Male sterility lines are available in soybean, and the first soybean CMS line was reported under the US patents No. 4545146 in Davis (1985). Since then, no further information on this CMS line has been reported. Considerable research on soybean CMS lines has been conducted in China since the early 80s of the last century (Sun, et al. 1994a; Palmer, et al. 2001). To date, more than 40 hybrid soybean varieties have been bred and approved in China after several generations of researchers with more than 40 years of efforts, and more than 30 invention patents and technical standards have been authorized for the use of new technologies and methods for soybean hybrid breeding (Sun, et al. 2021). However, the CMS genes and underlying molecular mechanisms are still unknown in soybean, which has restricted the development of commercial varieties.

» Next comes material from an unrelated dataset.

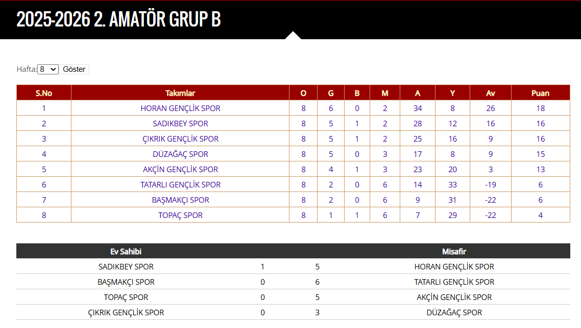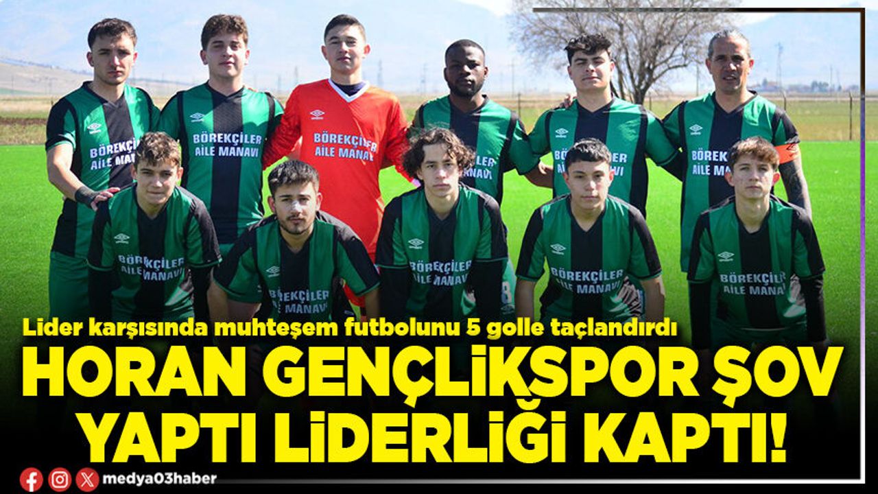 2. Amatör Lig B grubunda Horan Gençlikspor son haftalardaki yükselişiyle dikkatleri üzerine çekmeyi başardı. Teknik Direktörlüğünü İbrahim Akbal’ın yaptığı Horan Gençlikspor bugün deplasmanda lider Sadıkbeyspor’a konuk oldu. Rakibi karşısında baştan sona üstün oynayan Horan Gençlikspor rakibini Furkan Karaman, Furkan Aykın, Bayram Emre Ünal, Harun Kayıkçı VE Veysel Dalkıç’ın golleriyle 5-1 mağlup ederek hem lider Sadıkbeyspor’u farklı mağlup etti, hem de liderlik koltuğuna oturdu.

With the explosion in genomic resources and the rapid development of molecular biology and technology, the biotechnology-based male-sterility (BMS) systems for hybrid breeding have been established in maize, rice and other crops and vegetables (Chang, et al. 2016; Wu, et al. 2016; Singh, et al. 2019). The BMS systems utilize nuclear male sterility to propagate the pure nuclear male sterile seeds on a large scale, which not only make the climate change not a threat to the pure hybrid seed production anymore, but also unlock the potential for breeding superior hybrids through expanding the parental germplasm pool. In soybean, the nuclear male sterile mutants ms4, ms1, ms6, and ms3 have been cloned in recent years (Thu, et al. 2019; Fang, et al. 2021; Jiang, et al. 2021; Nadeem, et al. 2021; Yu, et al. 2021; Hou, et al. 2022). To speed up the large-scale commercial cultivation of hybrid soybean, it is time to consider where to put the investments, should we continue to count on the three-line hybrid system and looking for the ideal maintainer and restorer lines, or we can rely on the BMS systems to realize the commercialization of hybrid soybean. In this review, we try to cover recent advances in cytoplasmic-nuclear and nuclear male sterility systems in soybean to see if the technological breakthroughs will make us to succeed in hybrid soybean production.

Male sterility in plant

Plant male sterility (MS) refers to the phenomenon that the stamen develops unnormal, losing the ability to produce the functionally active male gametes for fertilization. According to their phenotypic characteristics, Kaul (1988) divide MS into three categories including structural, sporogenous, and functional. Structural MS indicates that the stamen is either completely absent or abnormally formed, which results in the absence of pollen. Sporogenous MS indicates that the stamen is essentially morphological normal, but fail to produce functional microspores or pollen due to the failure of early microsporogenesis and late microgametogenesis. Functional MS indicates that the viable pollen is produced, but either cannot be released from the anther due to the absence of dehiscence or is unable to geminate on the stigma and to initiate fertilization.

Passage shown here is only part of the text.